Why Indian Daughters-in-Law Are Expected to Love a Family That Never Had to Earn It
Aishwarya Kapoor | Times Life Bureau | Jul 04, 2026, 07:24 IST
Why Indian Daughters-in-Law Are Expected to Love a Family That Never Had to Earn It
Image credit : Times Life Bureau
Indian daughters enter marriage and are handed a family they did not choose, then measured by how completely they love them. The expectations run one way. The belonging is conditional. And the love, the real thing, not the performance of it, cannot be mandated into existence by a wedding ritual or a mother-in-law's approval.
The contract nobody shows her
The word used for what she is expected to do is "adjust." It sounds mild. What it describes is not mild.

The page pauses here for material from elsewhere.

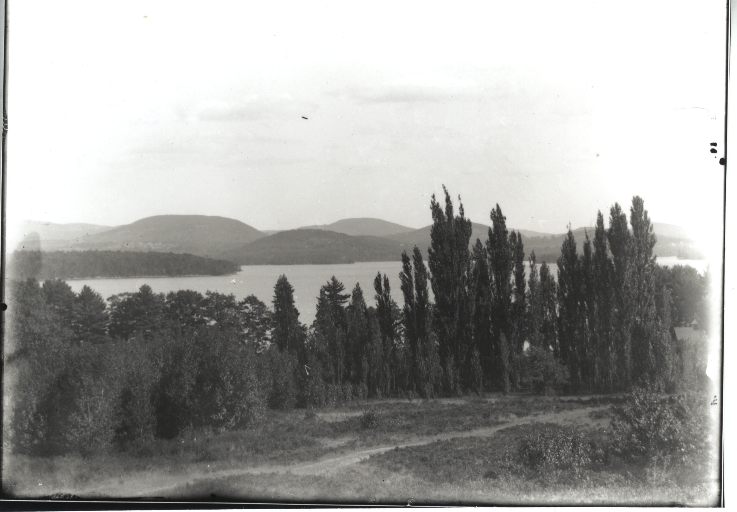 View across Wolfeboro Bay looking southwest. Clark's Point in the Bay, Mt. Longstack in the background, both left of center, c. 1900.

It asks her to reorganise her interiority, her preferences, her rhythms, her sense of what is home, around people who have not reorganised anything for her. The family continues as it was. She is the variable.
What loyalty looks like from the outside
The family, for its part, does not feel the same pressure. They are not asked to earn her love. They are not asked to earn her belonging. The mother-in-law does not lie awake wondering whether she has done enough to make her son's wife feel seen. The father-in-law is not measured by how warmly he welcomed a stranger into his home. They are the fixed point. She is the one who must move toward them.
And if she does not move fast enough, or warmly enough, or with the correct expression of gratitude on her face, she is the problem. Her acceptance of the family is treated as a character test she is perpetually failing.
The silence she learns to perform
These are not complaints. They are facts. But facts, in this context, become ingratitude. So she stops saying them. She learns to perform a contentment she does not always feel, because the alternative, honesty, costs more than she can afford to spend. The performance is what gets called "adjustment." It is also what gets called love.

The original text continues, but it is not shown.